- Shire's neuroscience portfolio got a boost on Tuesday after the Food and Drug Administration approved the company's investigational drug for a common condition that impairs focus.
- Mydayis, a mixture of amphetamine salts formerly known as SHP465, got a thumbs up from the agency as a treatment for attention deficit hyperactivity disorder (ADHD) for those aged 13 and older. Shire plans to start commercializing the drug in the third quarter, according to a June 20 statement.
- While the vast majority of adult ADHD patients don't receive proper diagnosis or treatment, the Anxiety and Depression Association of America estimates there at least 8 million adults in the U.S. with the disorder. That population may find Mydayis preferential to other treatments, such as Shire's extended release (XR) Adderall, because of its longer, 16-hour duration, according to investment firm Jefferies.
Shire is the dominant player in ADHD, with Adderall XR, Intuniv (guanfacine) and the highly lucrative Vyvanse (lisdexamfetamine dimesylate) at its disposal.

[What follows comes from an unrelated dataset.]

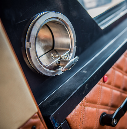 車身采用進口防彈材料制作并采用跳彈結構, 玻璃采用41mm全波防彈玻璃,達到B級防彈要求, 可抵御56沖鋒槍鋼芯彈攻擊。

As is common among branded drugmakers, however, generic competition has taken a toll on the Irish pharma's revenues. Copycat versions of Adderall XR and Intuniv, for example, have been on the market since 2009 and 2014, respectively, and contributed to steep declines in sales for both products.

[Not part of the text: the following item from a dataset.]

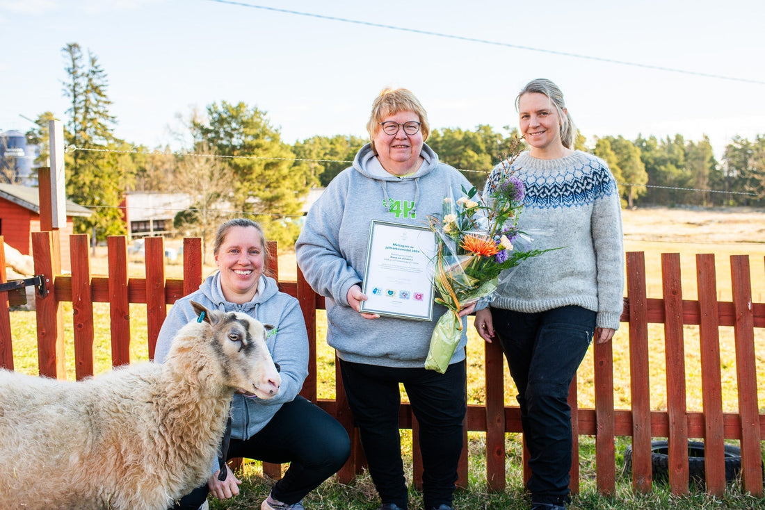 Åland Post überreichte Diplom und Blumen an Marina Ekqvist, Leiterin der Ålands 4-H-Klub (Mitte), zusammen mit Anki Håkans (links) und Malin Hagström (rechts).

Mydalis is likely to make up for some of those declines. Clinical data showed the drug works for up to 16 hours, much longer than Adderall XR, another mixture of amphetamine compounds. Consensus among analysts is that the new medication will hit $288 million in sales by 2020, according to Jefferies. But those projections may be too conservative. Shire, conversely, expects its drug to reach $500 million in sales by that year.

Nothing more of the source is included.